Well, at least they're
trying
to be gentlemanly and polite in their language around me,
Kelly thought, wondering at the same time what a mekha-whatchamacallit infestation was and how bad it could possibly be.
Just my luck to uncover the nest personally.

“Morg, do you have a piece of chalk?” Saber asked one of his brothers.

“Always,” the one she recognized admitted, though his long, light brown hair was now down out of its knot, and the headband was gone. He dug a small white rock from one of the pouches hanging on his belt and tossed it at his brother. Saber squatted and sketched out a near-perfect circle on the surface of the largest uncracked flagstone around them, marking almost to the edge of the weeds bordering the stone. Straightening, he picked Kelly up by the ribs and set her in the middle of the smallish circle before she realized his intent.

“You will stay right here and not move until I give you leave to.
Su-bah makadi deh,
” he added as he pulled his hands away. He lifted a chalk-smeared finger and pointed at her. “Do not move.”

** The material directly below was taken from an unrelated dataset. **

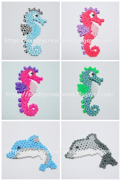 Solo hay que cubrir la placa con los colores de Hama Beads que queramos y tendremos el animal o forma en cuestión sin muchas complicaciones. En nuestro caso utilizamos placas con forma de caballito de mar y de delfín para realizar diferentes modelos de cada uno: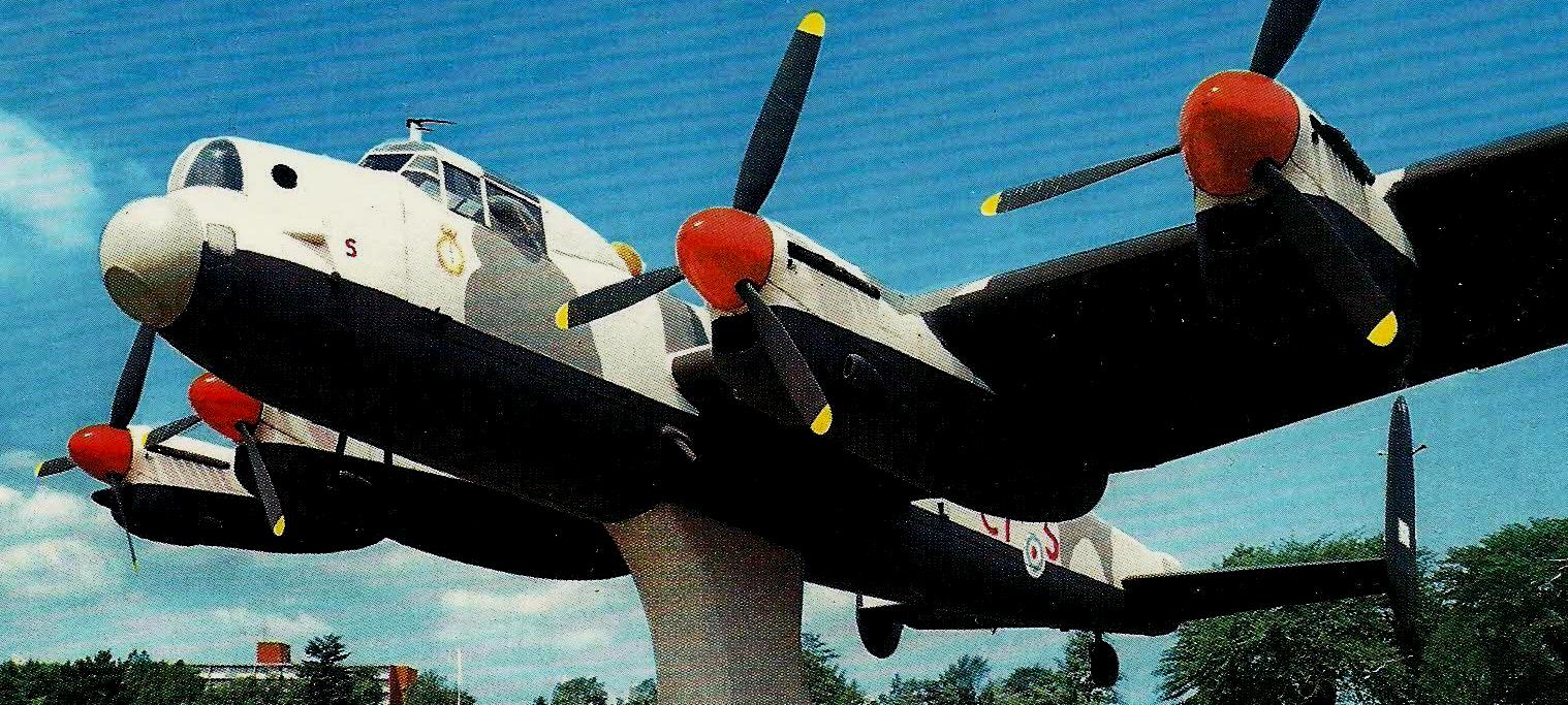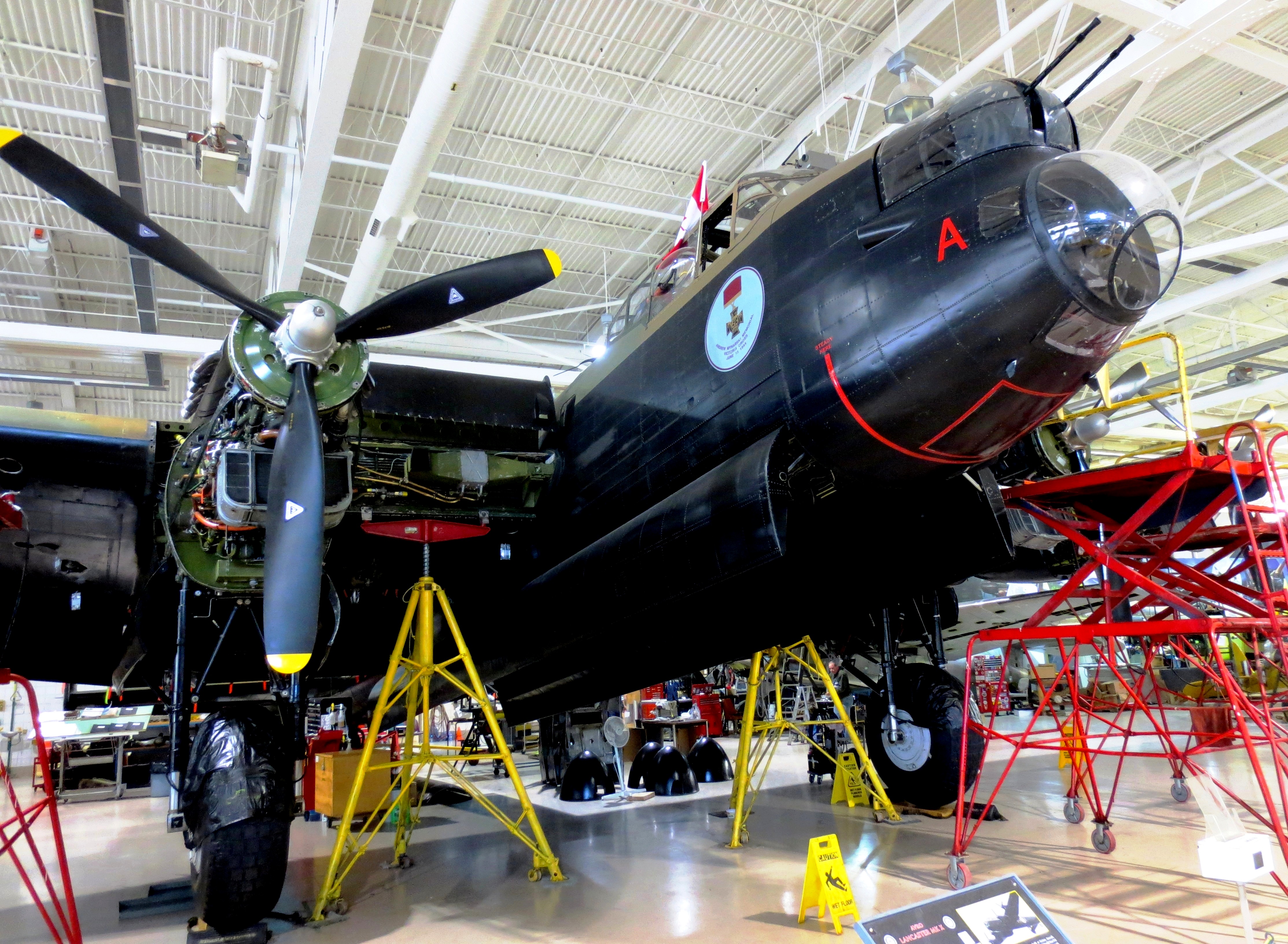 Avro 683 Lancaster Mk. X (Serial No. FM213), C/N 3414, painted as (Serial No. KB726), Reg. No. C-GVRA.  This aircraft was built at Victory Aircraft, Malton in July 1945 and was later converted to an RCAF Mk. 10MR configuration.  In 1952 it has a serious accident and received a replacement wing centre section from a Lancaster that had flown in the air war over Germany.  It served as a maritime patrol aircraft, with No. 405 Squadron, Greenwood, Nova Scotia and No. 107 Rescue Unit, Torbay, Newfoundland for many years, until it was retired from the RCAF in late 1963.  With help from the Sulley Foundation in 1977, it was acquired from the Royal Canadian Legion in Goderich, Ontario, where it had been on outside display.  Eleven years passed before it was completely restored and flew again on 24 Sep 1988.  The Lancaster is dedicated to the memory of P/O Andrew Mynarski, VC, and is referred to as the “Mynarski Memorial Lancaster”.  It is painted in the colours of his aircraft (Serial No. KB726), VR-A, which flew with RCAF No. 419 (Moose) Squadron. Canadian Warplane Heritage Museum, Mount Hope, Ontario.

“What did you do?” Kelly asked warily, glad it was a warm evening. She tugged her pajama top down a little more, then folded her arms across her breasts to hide them further. Most of the other seared spots were mid-thigh or lower, and there was that rip he'd made earlier under her armpit, but that one over her ribs was embarrassingly close to revealing something she didn't want revealed. She might be borderline starvation-thin, but her endowments weren't all
that
starved-looking.

“You are in a repellent shield. So long as you stay within the circle, you will be perfectly safe.”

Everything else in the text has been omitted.